**ASSIGNMENT**.
Transcribe exactly, and without pictures, only the lines from the one bearing "𝐂𝐨𝐬𝐦𝐞𝐭𝐢𝐜 𝐆𝐫𝐚𝐝𝐞 𝐌𝐢𝐜𝐚" through the final line of the data below.

DATA SEGMENT: Begin

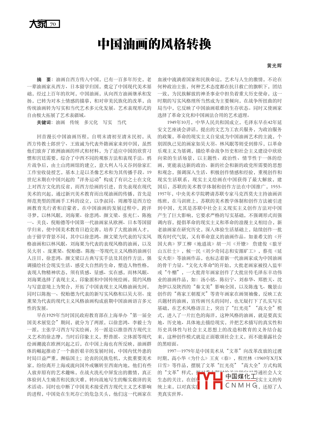 MERO中國(guó)油畫(huà)的風(fēng)格轉(zhuǎn)換黃光輝摘要:油畫(huà)自西方傳入中國(guó),已有一百多年歷史,老血液中流淌著國(guó)家和民族命運(yùn),藝術(shù)與人生的激情,不論在輩油畫(huà)家從西方、日本留學(xué)歸國(guó),奠定了中國(guó)現(xiàn)代美術(shù)基何種政治主張,何種藝術(shù)態(tài)度都在抗日救亡的旗幟下,團(tuán)結(jié)礎(chǔ),經(jīng)過(guò)上百年的坎坷,中國(guó)油畫(huà),從向西方油畫(huà)繼承和發(fā)一致,為民族解放的神圣事業(yè)中擔(dān)負(fù)著重大歷史使命,這揚(yáng),已轉(zhuǎn)為對(duì)本土情感的描摹,和對(duì)審美民族化的改革,由時(shí)期的寫(xiě)實(shí)風(fēng)格理所當(dāng)然成為主要傾向,在戰(zhàn)爭(zhēng)所扭曲的時(shí)傳統(tǒng)油畫(huà)轉(zhuǎn)為寫(xiě)實(shí)和當(dāng)代藝術(shù)多元化發(fā)展。藝術(shù)表現(xiàn)形式的局當(dāng)中,它反映了中國(guó)油畫(huà)艱難的生存狀態(tài)。同時(shí)又使畫(huà)家自由極大拓展了藝術(shù)表疆域選擇了革命文化和中國(guó)畫(huà)法合用的藝術(shù)道理。關(guān)鍵詞:油畫(huà)傳統(tǒng)多元化寫(xiě)實(shí)當(dāng)代1949年10月,中華人民共和國(guó)成立,毛澤東早在42年延安文藝座談會(huì)講話(huà),提出的文藝為工農(nóng)兵服務(wù),為政治服務(wù)回首漫長(zhǎng)中國(guó)油畫(huà)歷程,自明末清初至清末民初,從的政策,革命的現(xiàn)實(shí)主義自覺(jué)成為中國(guó)油畫(huà)藝術(shù)的主流,個(gè)西方傳教士郎世寧、王致誠(chéng)為代表外籍畫(huà)家來(lái)到中國(guó),雖然別固執(zhí)己見(jiàn)的畫(huà)家如吳大羽、林風(fēng)眠等則受到排斥,以革命他們放棄了歐洲油畫(huà)的樣式和材料,為了適應(yīng)中國(guó)的欣賞習(xí)樂(lè)觀主義為基調(diào),描繪革命戰(zhàn)爭(zhēng)歷史和社會(huì)主義建設(shè)中欣欣慣和宮廷需要,綜合了中西不同的觀察方法和表現(xiàn)手法。鴉向榮的生活場(chǎng)景,以主題性、政治性、情節(jié)性于一體的繪片戰(zhàn)爭(zhēng)后,由土山灣畫(huà)館的建立,意大利人馬義谷到徐家匯畫(huà),更能表達(dá)新的政治、新的社會(huì)和新的政黨所需要的思想工作室收徒授藝,基本上是以圣像藝術(shù)和為其傳播手段。19和觀念,強(qiáng)調(diào)深入生活、積極創(chuàng)作情感和經(jīng)驗(yàn),重視創(chuàng)作和世紀(jì)末期在中國(guó)興起的“洋務(wù)運(yùn)動(dòng)”構(gòu)成了有識(shí)之士在文化現(xiàn)實(shí)生活聯(lián)系,現(xiàn)實(shí)主義繪畫(huà)在中國(guó)獲得了最大解放,建上對(duì)西方文化的反省,而西方繪畫(huà)的引進(jìn),首先表現(xiàn)在現(xiàn)代國(guó)后,蘇聯(lián)的美術(shù)教學(xué)體制和創(chuàng)作方法在中國(guó)推廣,1955美術(shù)的興起,通過(guò)新興美術(shù)教育而出現(xiàn)油畫(huà)的傳播,首先是1957年,中央美術(shù)學(xué)院聘請(qǐng)?zhí)K聯(lián)專(zhuān)家馬克西莫夫主持油畫(huà)訓(xùn)師范類(lèi)型的圖畫(huà)手工科的設(shè)立,以李叔同、周湘等是西方繪練班,在馬訓(xùn)班上,蘇聯(lián)的美術(shù)教學(xué)體制和創(chuàng)作方法被引進(jìn)畫(huà)教育先行者和啟蒙者,在中國(guó)油畫(huà)的發(fā)展過(guò)程中,跨洋到中國(guó),尤其是蘇聯(lián)中社會(huì)主義現(xiàn)實(shí)主義創(chuàng)作方法對(duì)中尋夢(mèng),以林風(fēng)眠,劉海粟、徐悲鴻、顏文梁、張充仁、陳抱產(chǎn)生了巨大影響,它要求嚴(yán)格的寫(xiě)實(shí)基礎(chǔ),不強(qiáng)調(diào)形式而強(qiáng)關(guān)良、倪貽德等中國(guó)第一代油畫(huà)家從歐洲、日本等國(guó)留調(diào)內(nèi)容,提倡革命的現(xiàn)實(shí)主義和革命的浪漫主義相結(jié)合,新學(xué)歸來(lái),使中國(guó)美術(shù)教育日趨完善,培養(yǎng)了大批油畫(huà)人才,老油畫(huà)家在研究歷史,深入體驗(yàn)生活基礎(chǔ)上,陸續(xù)創(chuàng)作一批由于留學(xué)背景不同,其中以徐悲鴻、顏文梁為代表的寫(xiě)實(shí)風(fēng)既有時(shí)代氣氛,又有革命意義的油畫(huà)作品。如董希文的《開(kāi)格油畫(huà)和以林風(fēng)眠、劉海粟為代表的表現(xiàn)風(fēng)格的油畫(huà),以及國(guó)大典》羅工柳《地道戰(zhàn)》胡一川《開(kāi)鐐》詹建俊《狼牙吳大羽、龐薰琹、倪貽德、陳抱-等現(xiàn)代主義風(fēng)格的油畫(huà)引山五壯士》,候一民《劉少奇同志和安源礦工》,蔡亮《延人注目,徐悲鴻、顏文梁以古典寫(xiě)實(shí)手法及其創(chuàng)作方法,強(qiáng)安火炬》等油畫(huà)作品,也標(biāo)志著新一代油畫(huà)家成為中國(guó)油畫(huà)調(diào)描繪社會(huì)現(xiàn)實(shí)生活、感受大自然的生命,塑造人物性格,的骨干力量。"文化大革命"的開(kāi)始,大批老畫(huà)家被投入監(jiān)牢表現(xiàn)人物精神狀態(tài),須有質(zhì)感、量感、實(shí)在感,而林風(fēng)眠、或“牛棚”,一大批青年畫(huà)家創(chuàng)作了大批宣傳毛澤東豐功偉劉海粟選擇了表現(xiàn)主義,印象派和中國(guó)傳統(tǒng)繪畫(huà),簡(jiǎn)約風(fēng)格業(yè)的油畫(huà)作品,如:湯小銘、陳衍寧、劉春華、鄭勝天、沈與寫(xiě)意意境上為契合,開(kāi)拓了中國(guó)表現(xiàn)主義風(fēng)格油畫(huà)先河,堯伊以及陜西的“秦文美”影響全國(guó),以及陳逸飛、魏景山同時(shí)以陳
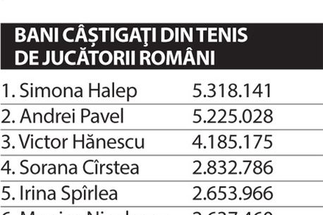 Cu această sumă de bani, Simona a trecut pe primul loc în topul all-time al banilor obținuți din tenis de jucătorii români, cu 5,3 milioane de dolari. Lider era până săptămâna trecută Andrei Pavel, cu 5,2 milioane de dolari. În acest caz trebuie făcute însă câteva mențiuni. În primul rând, valoarea premiilor la toate turneele au crescut considerabil de la un an la altul. Spre exemplu, Ilie Năstase a primit numai 3.000 de lire sterline pentru finala disputată în 1972 cu Stan Smith, pe care a catalogat-o ca fiind cea mai frumoasă din întreaga carieră. Apoi, ierarhia nu ține cont de rata inflației. Nasty a adunat din tenis, în anii ’70, puțin peste 2 milioane de dolari, o cifră pe care un jucător o obține acum cu un singur titlu la Wimbledon. În urmă cu 40 de ani, dolarul avea însă altă valoare. Actualizat cu rata inflației, de atunci și până azi, atunci valoarea premiilor câștigate de Năstase ar fi în jurul a 10 milioane de dolari, singurul care a reușit să ajungă și numărul 1 mondial, plecând în tenis din România.
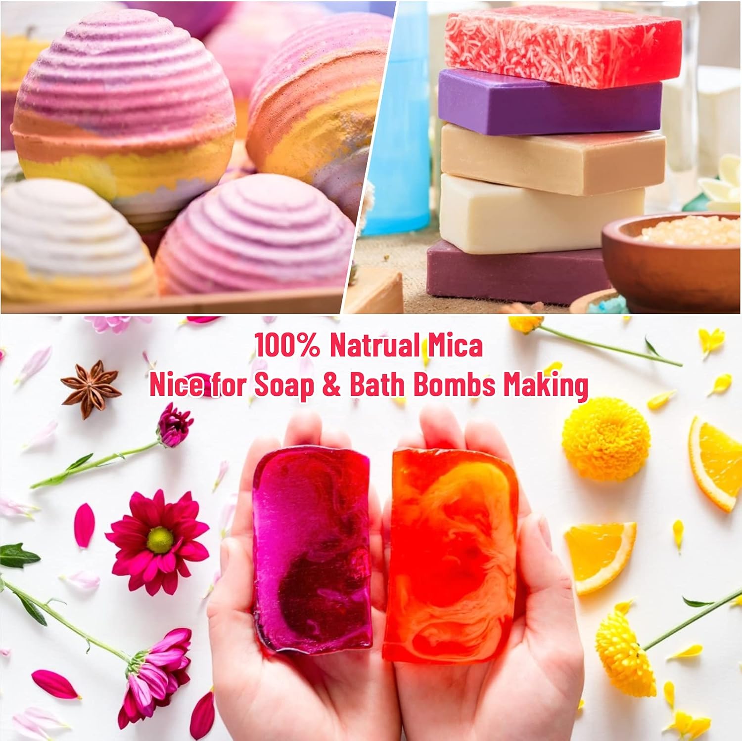 𝐂𝐨𝐬𝐦𝐞𝐭𝐢𝐜 𝐆𝐫𝐚𝐝𝐞 𝐌𝐢𝐜𝐚 𝐏𝐨𝐰𝐝𝐞𝐫 𝐊𝐢𝐭 Our mica powder pigments are created with cosmetic grade ingredients which are irritation free, stain free, vegan, skin friendly. Perfect dying for soap making, lip gloss pigment, bath bomb colorant making, slime coloring, nails polish decoration, bath salts, shower steamers, body scrubs, body butter, etc. They are nice gifts for making creative cosmetic makeup for daily or festival like eye shadows which are gentle to the skin.
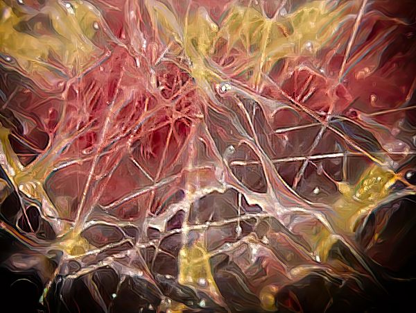 Photo imaging to the left and above are colorized still shots of fascia in the body, captured from a surgical operation video taken by the surgeon, Dr. Jean-Claude Guimberteau, MD.

DATA SEGMENT: End

**FINISHED TASK**.
 𝐂𝐨𝐬𝐦𝐞𝐭𝐢𝐜 𝐆𝐫𝐚𝐝𝐞 𝐌𝐢𝐜𝐚 𝐏𝐨𝐰𝐝𝐞𝐫 𝐊𝐢𝐭 Our mica powder pigments are created with cosmetic grade ingredients which are irritation free, stain free, vegan, skin friendly. Perfect dying for soap making, lip gloss pigment, bath bomb colorant making, slime coloring, nails polish decoration, bath salts, shower steamers, body scrubs, body butter, etc. They are nice gifts for making creative cosmetic makeup for daily or festival like eye shadows which are gentle to the skin.
 Photo imaging to the left and above are colorized still shots of fascia in the body, captured from a surgical operation video taken by the surgeon, Dr. Jean-Claude Guimberteau, MD.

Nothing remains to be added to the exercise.